▸ What to produce
Only the lines below from the one containing "A signet ring" through the one containing "Smiley Face Clip" belong in the answer, repeated exactly and without pictures.

▸ Information shown
====================
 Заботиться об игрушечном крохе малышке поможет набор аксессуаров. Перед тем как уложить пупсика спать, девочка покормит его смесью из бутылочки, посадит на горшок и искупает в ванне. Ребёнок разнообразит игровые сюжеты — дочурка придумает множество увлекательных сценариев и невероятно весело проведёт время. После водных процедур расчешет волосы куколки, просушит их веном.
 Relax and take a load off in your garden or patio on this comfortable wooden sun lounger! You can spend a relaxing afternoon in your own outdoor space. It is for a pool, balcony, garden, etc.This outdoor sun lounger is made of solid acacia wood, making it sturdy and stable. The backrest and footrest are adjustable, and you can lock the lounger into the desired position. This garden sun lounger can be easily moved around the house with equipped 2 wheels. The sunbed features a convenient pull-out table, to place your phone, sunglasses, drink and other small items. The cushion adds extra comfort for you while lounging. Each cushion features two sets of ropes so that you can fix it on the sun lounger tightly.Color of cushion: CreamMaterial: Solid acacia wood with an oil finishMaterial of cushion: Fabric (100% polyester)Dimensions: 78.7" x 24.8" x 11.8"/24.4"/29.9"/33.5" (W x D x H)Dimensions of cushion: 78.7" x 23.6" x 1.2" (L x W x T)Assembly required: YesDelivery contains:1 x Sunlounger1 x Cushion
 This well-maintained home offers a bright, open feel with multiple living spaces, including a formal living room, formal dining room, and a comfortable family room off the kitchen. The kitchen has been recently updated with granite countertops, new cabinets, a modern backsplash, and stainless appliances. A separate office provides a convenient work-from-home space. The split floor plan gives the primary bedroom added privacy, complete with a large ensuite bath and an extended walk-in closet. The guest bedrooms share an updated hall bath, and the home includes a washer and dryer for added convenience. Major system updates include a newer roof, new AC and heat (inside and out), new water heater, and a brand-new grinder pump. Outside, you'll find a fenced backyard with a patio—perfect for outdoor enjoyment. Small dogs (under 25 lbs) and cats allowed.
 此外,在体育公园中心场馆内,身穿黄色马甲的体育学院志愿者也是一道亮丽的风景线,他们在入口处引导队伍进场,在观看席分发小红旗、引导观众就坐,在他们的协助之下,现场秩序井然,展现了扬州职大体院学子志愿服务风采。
====================
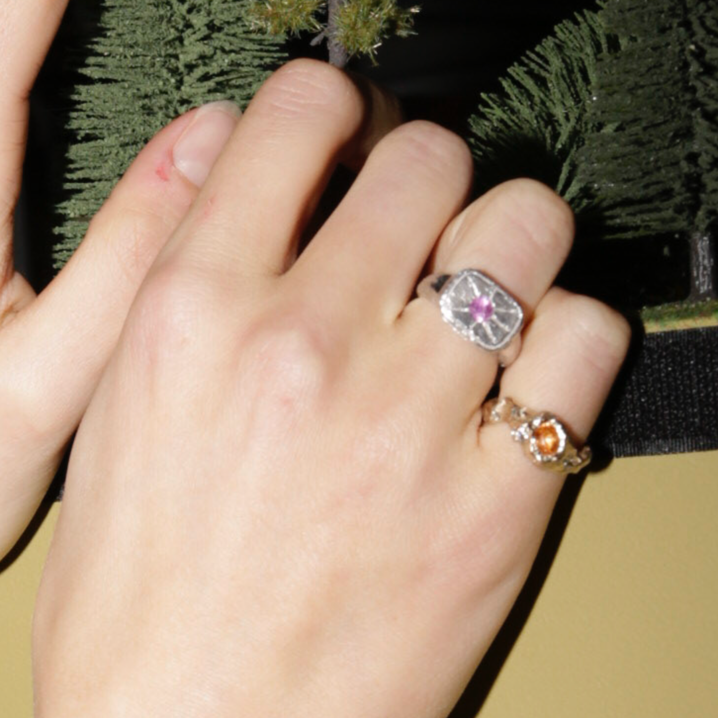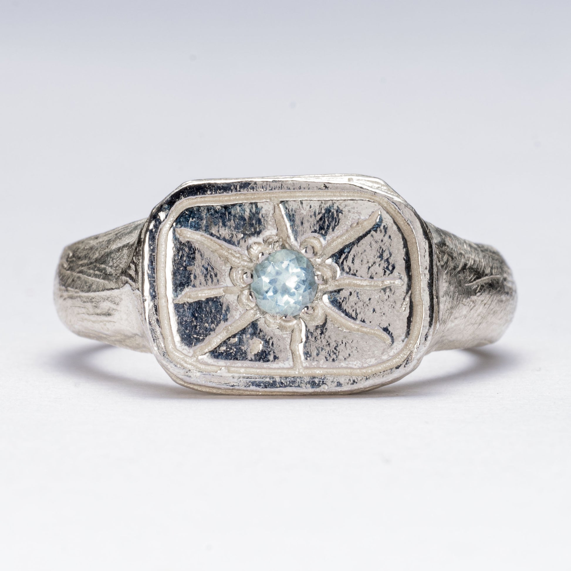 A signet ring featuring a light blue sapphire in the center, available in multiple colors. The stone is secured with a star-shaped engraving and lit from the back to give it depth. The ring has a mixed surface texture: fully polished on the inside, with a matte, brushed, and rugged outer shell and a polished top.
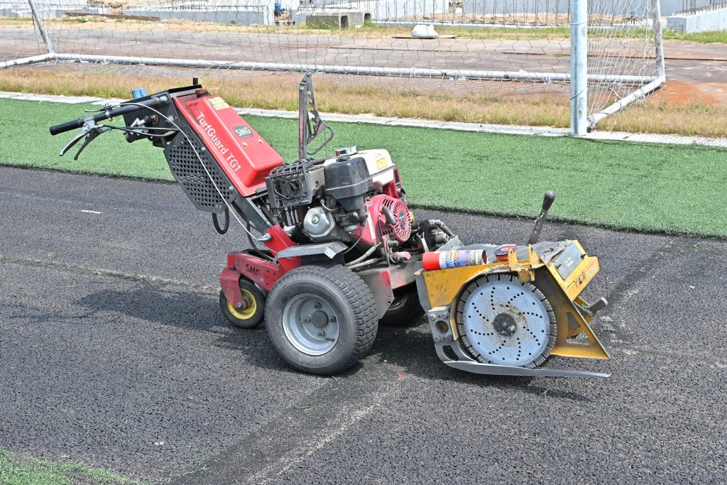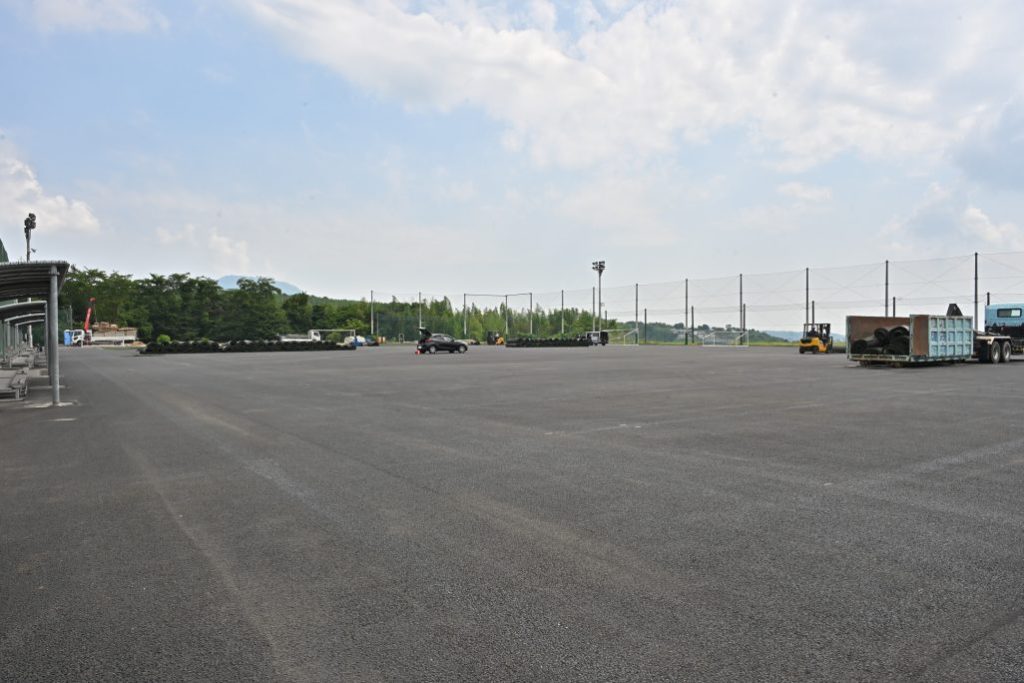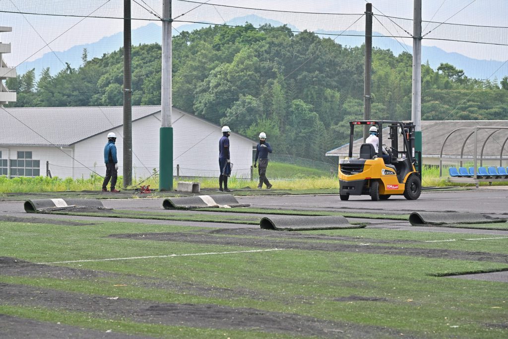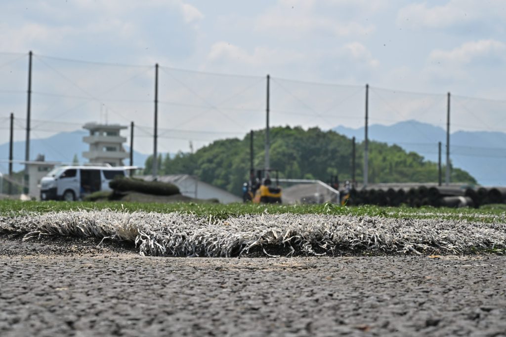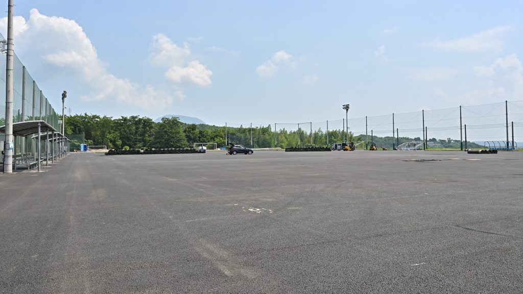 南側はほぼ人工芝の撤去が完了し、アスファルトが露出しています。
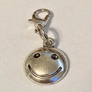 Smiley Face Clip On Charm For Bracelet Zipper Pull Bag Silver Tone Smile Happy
====================
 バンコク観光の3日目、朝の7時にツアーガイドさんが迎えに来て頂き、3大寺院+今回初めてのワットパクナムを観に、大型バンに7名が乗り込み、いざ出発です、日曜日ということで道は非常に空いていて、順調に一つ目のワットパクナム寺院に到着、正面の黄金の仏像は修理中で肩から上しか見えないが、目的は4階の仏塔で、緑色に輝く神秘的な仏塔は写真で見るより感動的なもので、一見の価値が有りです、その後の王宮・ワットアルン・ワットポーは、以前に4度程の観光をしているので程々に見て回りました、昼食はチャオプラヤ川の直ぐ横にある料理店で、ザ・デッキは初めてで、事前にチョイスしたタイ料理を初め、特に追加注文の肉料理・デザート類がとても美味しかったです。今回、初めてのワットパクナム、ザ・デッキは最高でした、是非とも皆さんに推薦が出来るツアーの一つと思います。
====================
▸ Task result
 A signet ring featuring a light blue sapphire in the center, available in multiple colors. The stone is secured with a star-shaped engraving and lit from the back to give it depth. The ring has a mixed surface texture: fully polished on the inside, with a matte, brushed, and rugged outer shell and a polished top.
 南側はほぼ人工芝の撤去が完了し、アスファルトが露出しています。
 Smiley Face Clip On Charm For Bracelet Zipper Pull Bag Silver Tone Smile Happy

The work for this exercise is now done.